[Work request]:
Restate the listing below word for word; no picture is to be carried over.

Information shown below:

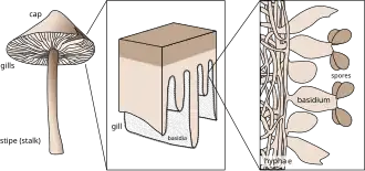 Esquema de um basidiocarpo típico, a estrutura reprodutiva dipóide de um basidiomiceto, mostrando o corpo de frutificação, himénio e basídios.
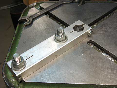 | 1. Drill two 1/2" holes in a piece of approx, 1-1/2" x 3/4"  aluminum bar. 2. Use these holes to bolt the bar to the drill press table, with one end over the hole in the center of the table.
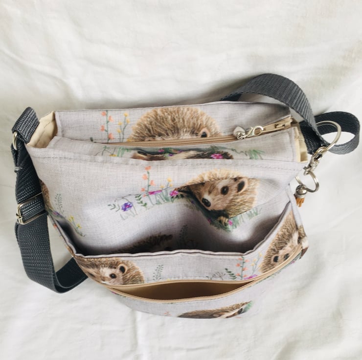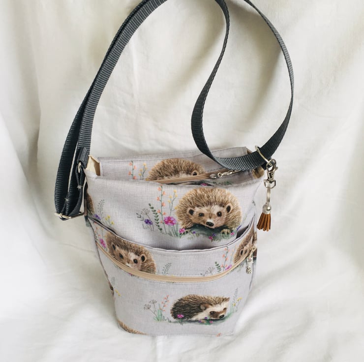 This is the cutest exclusive crossbody bag, in an adorable Hedgehogs print on light grey background water resistant fabric, and fully lined with a plain cotton fabric, which has been backed with a foam stabilizer for stability and strength. A great little bag for the quick trips out, or when walking as this bag has plenty of room for a purse, keys, phone and even your glasses.
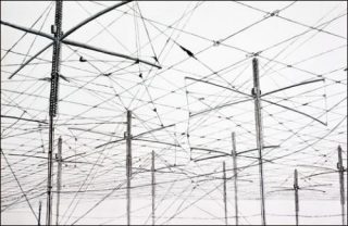 A l’objet contenant qui n’autorise pas son appréhension globale, répondent des dessins comme des gros plans, des points d’entrées. La plupart des aquarelles présentées sont inspirées de photographies prises par l’artiste ou d’images trouvées dans les médias. Ainsi, des paysages ruraux vus du ciel, des gros plans de ruches d’abeilles, des bâtiments contemporains, des pipelines, ou encore des structures qui témoignent de l’évolution technologique. Autant de lignes, de grilles qui révèlent des systèmes d’organisations et de communications de l’ensemble des êtres et des choses qui composent notre planète. Une sorte d’inventaire impossible qui questionne la position de chacun dans un vaste ensemble insaisissable. Le projet s’avère être d’une actualité poignante. Le monde contemporain globalisé, où l’économie comme l’information sont régis au niveau mondial, dépersonnalise le système qui semble devenir une entité fictionnelle, incontrôlable, inatteignable. Chez Sigismond de Vajay, — qu’il s’agisse de la quantité des figures composant certains dessins ou qu’il s’agisse du rapport sériel avec lequel l’artiste aborde sa production —, le nombre est corollaire d’une machinerie abstraite et monstrueuse.

End of Information shown.

[Written solution]:
 Esquema de um basidiocarpo típico, a estrutura reprodutiva dipóide de um basidiomiceto, mostrando o corpo de frutificação, himénio e basídios.
 | 1. Drill two 1/2" holes in a piece of approx, 1-1/2" x 3/4"  aluminum bar. 2. Use these holes to bolt the bar to the drill press table, with one end over the hole in the center of the table.
 This is the cutest exclusive crossbody bag, in an adorable Hedgehogs print on light grey background water resistant fabric, and fully lined with a plain cotton fabric, which has been backed with a foam stabilizer for stability and strength. A great little bag for the quick trips out, or when walking as this bag has plenty of room for a purse, keys, phone and even your glasses.
 A l’objet contenant qui n’autorise pas son appréhension globale, répondent des dessins comme des gros plans, des points d’entrées. La plupart des aquarelles présentées sont inspirées de photographies prises par l’artiste ou d’images trouvées dans les médias. Ainsi, des paysages ruraux vus du ciel, des gros plans de ruches d’abeilles, des bâtiments contemporains, des pipelines, ou encore des structures qui témoignent de l’évolution technologique. Autant de lignes, de grilles qui révèlent des systèmes d’organisations et de communications de l’ensemble des êtres et des choses qui composent notre planète. Une sorte d’inventaire impossible qui questionne la position de chacun dans un vaste ensemble insaisissable. Le projet s’avère être d’une actualité poignante. Le monde contemporain globalisé, où l’économie comme l’information sont régis au niveau mondial, dépersonnalise le système qui semble devenir une entité fictionnelle, incontrôlable, inatteignable. Chez Sigismond de Vajay, — qu’il s’agisse de la quantité des figures composant certains dessins ou qu’il s’agisse du rapport sériel avec lequel l’artiste aborde sa production —, le nombre est corollaire d’une machinerie abstraite et monstrueuse.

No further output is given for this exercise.